*What you will do*
Retype word for word the first line of the listing and each line after it up to the line with "Aquarelle vintage aux", with the pictures taken out.

*Data shown*
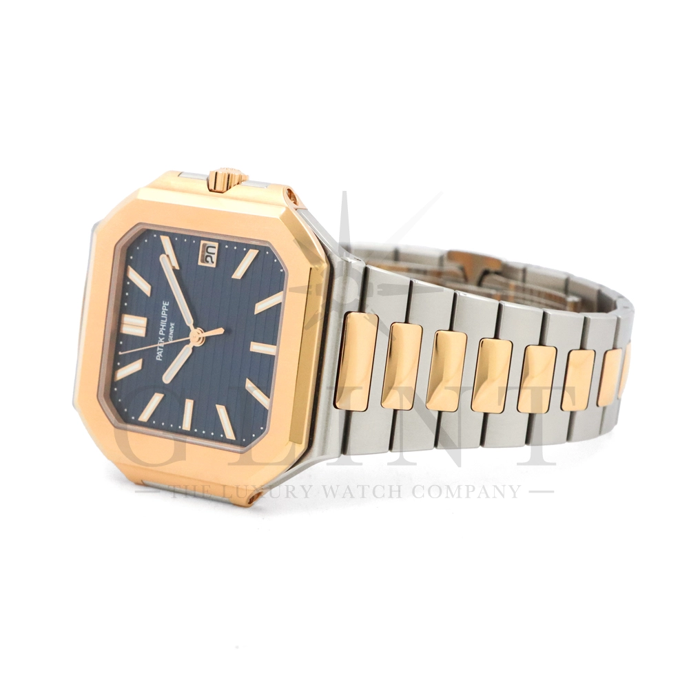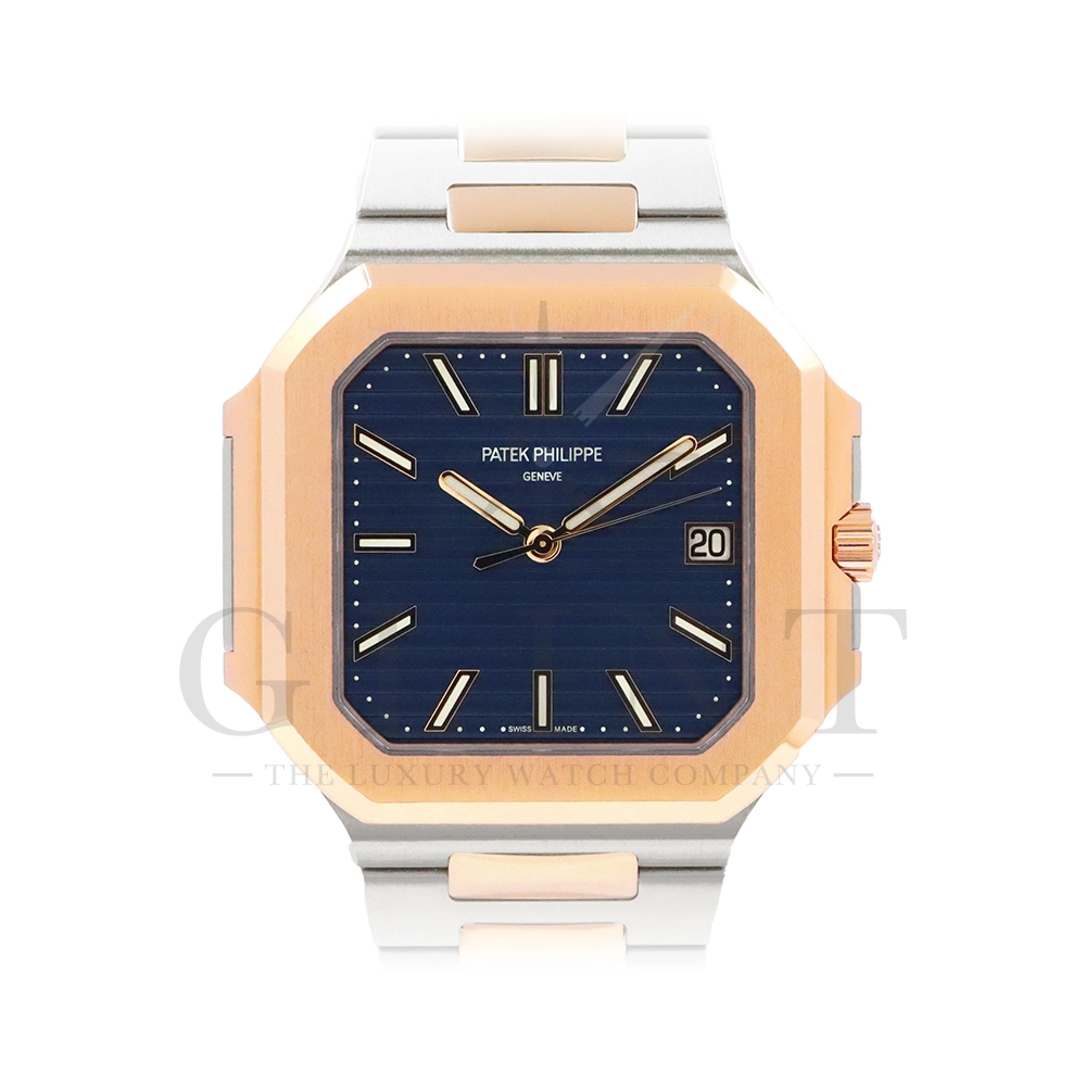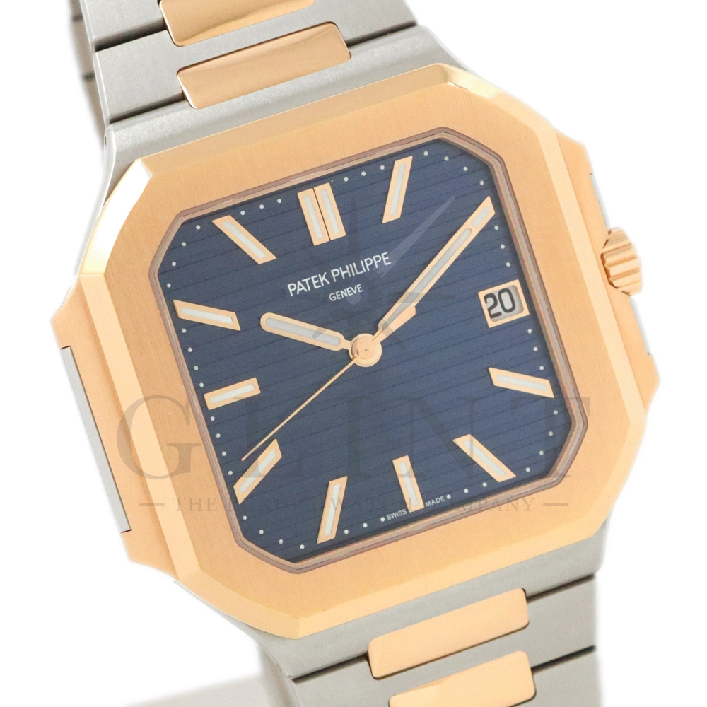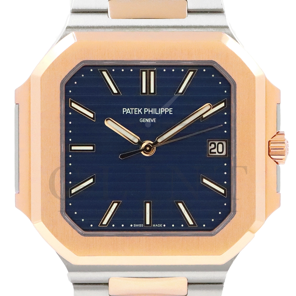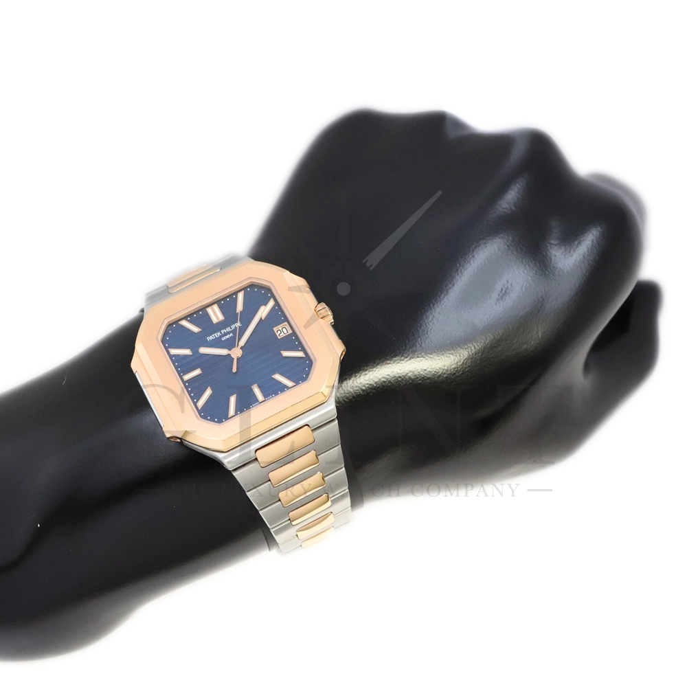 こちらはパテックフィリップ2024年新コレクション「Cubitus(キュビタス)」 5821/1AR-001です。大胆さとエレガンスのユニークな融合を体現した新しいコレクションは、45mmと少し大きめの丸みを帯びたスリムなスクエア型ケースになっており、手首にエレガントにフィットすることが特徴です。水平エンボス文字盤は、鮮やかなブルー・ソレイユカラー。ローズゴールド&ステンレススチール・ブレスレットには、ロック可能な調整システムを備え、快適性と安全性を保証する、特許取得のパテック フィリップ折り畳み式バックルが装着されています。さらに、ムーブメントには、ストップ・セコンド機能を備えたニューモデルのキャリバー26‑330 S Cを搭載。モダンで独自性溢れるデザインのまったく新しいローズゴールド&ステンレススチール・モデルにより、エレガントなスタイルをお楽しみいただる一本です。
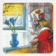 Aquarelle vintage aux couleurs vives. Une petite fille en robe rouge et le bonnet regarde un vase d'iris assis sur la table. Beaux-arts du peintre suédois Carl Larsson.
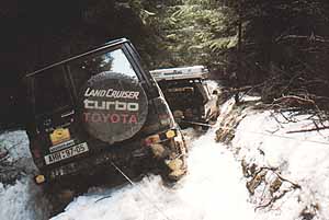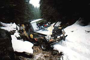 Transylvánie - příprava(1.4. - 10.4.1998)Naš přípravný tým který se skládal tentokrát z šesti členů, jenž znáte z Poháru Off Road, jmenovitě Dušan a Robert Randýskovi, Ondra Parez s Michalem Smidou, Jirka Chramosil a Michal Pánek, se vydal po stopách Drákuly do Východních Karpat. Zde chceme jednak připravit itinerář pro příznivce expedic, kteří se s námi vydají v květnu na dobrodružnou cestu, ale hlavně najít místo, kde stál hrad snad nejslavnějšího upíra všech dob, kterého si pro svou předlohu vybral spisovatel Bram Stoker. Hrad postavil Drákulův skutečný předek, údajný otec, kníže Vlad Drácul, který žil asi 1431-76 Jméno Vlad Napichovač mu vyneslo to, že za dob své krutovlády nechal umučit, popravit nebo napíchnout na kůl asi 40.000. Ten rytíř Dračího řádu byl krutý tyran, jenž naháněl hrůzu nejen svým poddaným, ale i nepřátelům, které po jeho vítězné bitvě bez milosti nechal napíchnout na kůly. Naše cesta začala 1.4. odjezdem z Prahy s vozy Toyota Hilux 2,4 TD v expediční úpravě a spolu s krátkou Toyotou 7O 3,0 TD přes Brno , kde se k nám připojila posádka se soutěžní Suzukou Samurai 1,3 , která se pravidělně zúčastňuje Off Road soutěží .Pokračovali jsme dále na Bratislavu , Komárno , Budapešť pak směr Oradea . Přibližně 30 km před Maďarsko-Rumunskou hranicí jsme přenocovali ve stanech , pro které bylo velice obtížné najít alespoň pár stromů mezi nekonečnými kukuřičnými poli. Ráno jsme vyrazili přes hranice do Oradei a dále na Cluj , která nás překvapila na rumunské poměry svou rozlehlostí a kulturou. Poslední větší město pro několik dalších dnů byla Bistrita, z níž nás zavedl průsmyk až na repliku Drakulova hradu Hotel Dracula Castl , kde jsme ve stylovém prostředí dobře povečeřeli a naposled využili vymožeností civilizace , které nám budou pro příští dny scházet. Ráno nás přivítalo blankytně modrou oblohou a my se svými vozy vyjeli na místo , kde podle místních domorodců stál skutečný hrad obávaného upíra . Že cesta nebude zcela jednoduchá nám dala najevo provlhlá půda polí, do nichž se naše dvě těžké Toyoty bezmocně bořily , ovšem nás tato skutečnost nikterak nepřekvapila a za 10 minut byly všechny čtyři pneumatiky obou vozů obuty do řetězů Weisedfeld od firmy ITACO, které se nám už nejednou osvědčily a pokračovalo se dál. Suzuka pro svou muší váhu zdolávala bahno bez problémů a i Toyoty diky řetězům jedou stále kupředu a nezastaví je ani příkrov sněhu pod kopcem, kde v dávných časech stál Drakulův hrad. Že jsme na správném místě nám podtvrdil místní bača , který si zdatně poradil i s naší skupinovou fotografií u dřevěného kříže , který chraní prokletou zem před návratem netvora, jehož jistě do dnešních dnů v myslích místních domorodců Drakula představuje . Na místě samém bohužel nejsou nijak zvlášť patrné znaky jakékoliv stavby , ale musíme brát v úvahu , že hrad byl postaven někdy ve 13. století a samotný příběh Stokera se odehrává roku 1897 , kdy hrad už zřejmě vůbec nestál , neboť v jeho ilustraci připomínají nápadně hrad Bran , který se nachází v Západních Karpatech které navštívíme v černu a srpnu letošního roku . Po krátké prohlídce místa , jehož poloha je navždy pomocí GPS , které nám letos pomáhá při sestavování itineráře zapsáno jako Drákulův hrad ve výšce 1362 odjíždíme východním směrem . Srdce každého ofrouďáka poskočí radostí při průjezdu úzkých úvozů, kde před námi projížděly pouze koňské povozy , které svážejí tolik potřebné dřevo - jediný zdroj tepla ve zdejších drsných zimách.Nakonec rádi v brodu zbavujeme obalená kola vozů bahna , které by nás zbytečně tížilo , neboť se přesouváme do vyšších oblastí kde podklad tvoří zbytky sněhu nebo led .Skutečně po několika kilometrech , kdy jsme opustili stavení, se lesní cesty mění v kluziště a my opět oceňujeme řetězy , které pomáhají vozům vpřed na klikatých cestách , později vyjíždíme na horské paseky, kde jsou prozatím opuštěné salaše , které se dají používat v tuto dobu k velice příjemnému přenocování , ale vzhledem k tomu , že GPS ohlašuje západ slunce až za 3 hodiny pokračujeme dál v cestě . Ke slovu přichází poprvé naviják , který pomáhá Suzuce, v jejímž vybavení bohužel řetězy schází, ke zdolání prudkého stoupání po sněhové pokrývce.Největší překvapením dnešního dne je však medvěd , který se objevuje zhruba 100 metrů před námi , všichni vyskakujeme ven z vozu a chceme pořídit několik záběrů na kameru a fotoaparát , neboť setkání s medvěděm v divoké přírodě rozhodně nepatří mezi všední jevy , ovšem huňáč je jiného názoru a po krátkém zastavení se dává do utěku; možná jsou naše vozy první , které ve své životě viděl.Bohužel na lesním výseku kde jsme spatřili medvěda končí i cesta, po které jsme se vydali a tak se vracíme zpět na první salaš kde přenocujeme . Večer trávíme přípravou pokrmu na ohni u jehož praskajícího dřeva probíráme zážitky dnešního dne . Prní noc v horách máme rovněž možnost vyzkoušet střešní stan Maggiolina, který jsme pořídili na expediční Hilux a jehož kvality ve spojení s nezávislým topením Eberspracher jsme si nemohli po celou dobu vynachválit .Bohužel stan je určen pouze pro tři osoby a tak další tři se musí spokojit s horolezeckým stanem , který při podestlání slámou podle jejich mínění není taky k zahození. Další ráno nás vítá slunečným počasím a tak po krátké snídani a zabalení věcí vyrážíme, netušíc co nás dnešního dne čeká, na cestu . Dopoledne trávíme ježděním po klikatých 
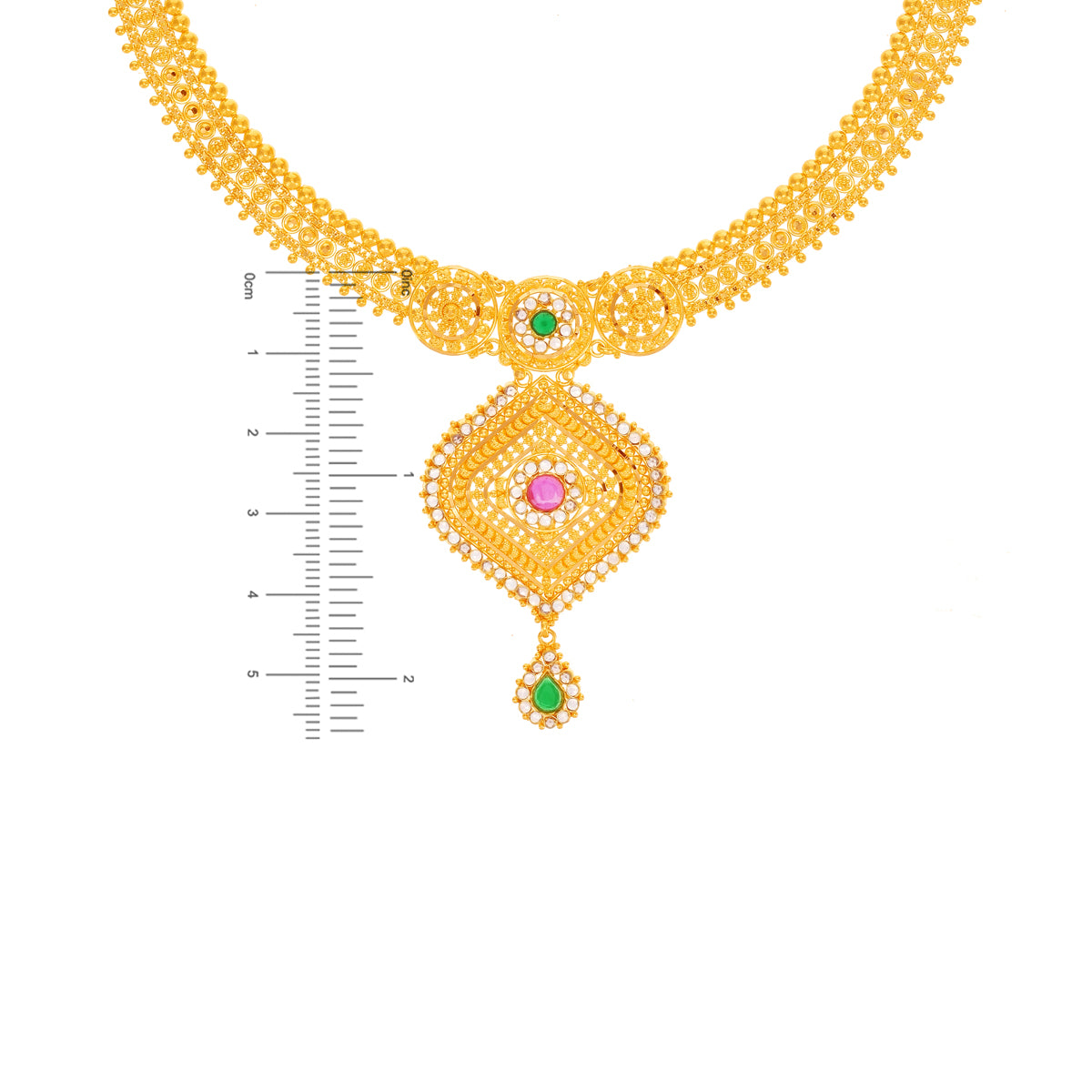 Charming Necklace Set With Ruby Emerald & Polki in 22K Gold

*Response*
 こちらはパテックフィリップ2024年新コレクション「Cubitus(キュビタス)」 5821/1AR-001です。大胆さとエレガンスのユニークな融合を体現した新しいコレクションは、45mmと少し大きめの丸みを帯びたスリムなスクエア型ケースになっており、手首にエレガントにフィットすることが特徴です。水平エンボス文字盤は、鮮やかなブルー・ソレイユカラー。ローズゴールド&ステンレススチール・ブレスレットには、ロック可能な調整システムを備え、快適性と安全性を保証する、特許取得のパテック フィリップ折り畳み式バックルが装着されています。さらに、ムーブメントには、ストップ・セコンド機能を備えたニューモデルのキャリバー26‑330 S Cを搭載。モダンで独自性溢れるデザインのまったく新しいローズゴールド&ステンレススチール・モデルにより、エレガントなスタイルをお楽しみいただる一本です。
 Aquarelle vintage aux couleurs vives. Une petite fille en robe rouge et le bonnet regarde un vase d'iris assis sur la table. Beaux-arts du peintre suédois Carl Larsson.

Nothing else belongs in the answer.